1. Field of the Invention
The present invention relates to a method for fabricating a semiconductor device and more particularly, to a method for fabricating a semiconductor device, using an improved process for forming a contact plug in connection with the formation of a bitline or a capacitor in the semiconductor device provide a more stable bitline or capacitor structure.
2. Background of the Related Art
A first prior art method for fabricating a semiconductor device will be explained with reference to FIGS. 1A and 1B.

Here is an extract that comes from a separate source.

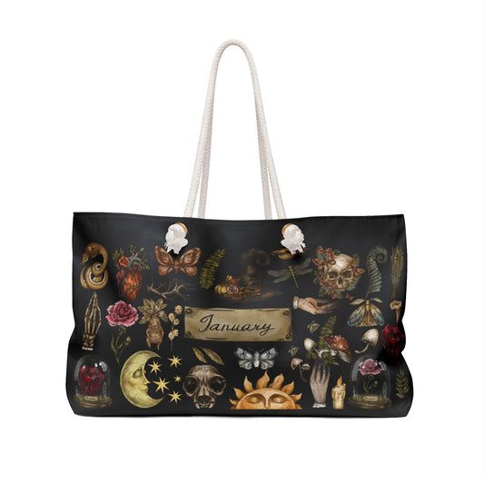 Witchy January Birthstone and Birth Flower Weekender Bag

Referring to FIG. 1A, an interlayer insulating film 4 of BPSG (borophosphosilicate glass) is formed on a semiconductor substrate 1 having a bitline and a wordline formed thereon, and planarized by CMP (Chemical Mechanical Polishing). Then, a PE-TEOS (Plasma Enhanced tetra-ethyl ortho silicate glass) film 5 is plasma deposited on the interlayer insulating film 4, and an etch stopper film 6 is deposited thereon. Next, by using a storage electrode contact mask (not shown) as an etch mask to expose the portion of the structure to be used as a storage electrode contact to the semiconductor substrate 1, the etch stopper film 6, the PE-TEOS film 5, and the interlayer insulating film 4 are etched, to form a storage electrode contact hole 7. Then, a polysilicon layer (not shown) for forming a contact plug is deposited on an entire exposed surface, including the storage electrode contact hole 7, and etched back until the surface of the etch stopper film 6 is exposed, to form a contact plug 8. Then, a core oxide film (not shown) is formed over the entire surface. By using a storage electrode mask (not shown) as an etch mask for exposing a portion to be used as a storage electrode, the core oxide film is etched to form a core oxide film pattern 9 which exposes the contact plug 8. Then, a polysilicon layer 10a for forming a storage electrode is formed on the entire surface, and subjected to a CMP process to remove the upper portion of the layer to form a cylindrical storage electrode 10b. 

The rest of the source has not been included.